How would I, using BeautifulSoup, search for tags containing ONLY the attributes I search for?
For example, I want to find all <td valign="top">
tags.
The following code:
raw_card_data = soup.fetch('td', {'valign':re.compile('top')})
gets all of the data I want, but also grabs any <td>
tag that has the attribute valign:top
I also tried:
raw_card_data = soup.findAll(re.compile('<td valign="top">'))
and this returns nothing (probably because of bad regex)

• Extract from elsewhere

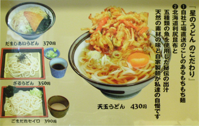 相鉄線横浜駅構内にある、うどん専門のスタンド店、「星のうどん」。薄口のダシと、コシの強い麺が特徴で、忙しい通勤時にうれしい店である。

I was wondering if there was a way in BeautifulSoup to say "Find <td>
tags whose only attribute is valign:top
"
UPDATE
FOr example, if an HTML document contained the following <td>
tags:
<td valign="top">.....</td><br />
<td width="580" valign="top">.......</td><br />
<td>.....</td><br />
I would want only the first <td>
tag (<td width="580" valign="top">
) to return
As explained on the BeautifulSoup documentation
You may use this :
soup = BeautifulSoup(html)
results = soup.findAll("td", {"valign" : "top"})
EDIT :
To return tags that have only the valign="top" attribute, you can check for the length of the tag attrs
property :
from BeautifulSoup import BeautifulSoup
html = '<td valign="top">.....</td>\
<td width="580" valign="top">.......</td>\
<td>.....</td>'
soup = BeautifulSoup(html)
results = soup.findAll("td", {"valign" : "top"})
for result in results :
if len(result.attrs) == 1 :
print result
That returns :
<td valign="top">.....</td>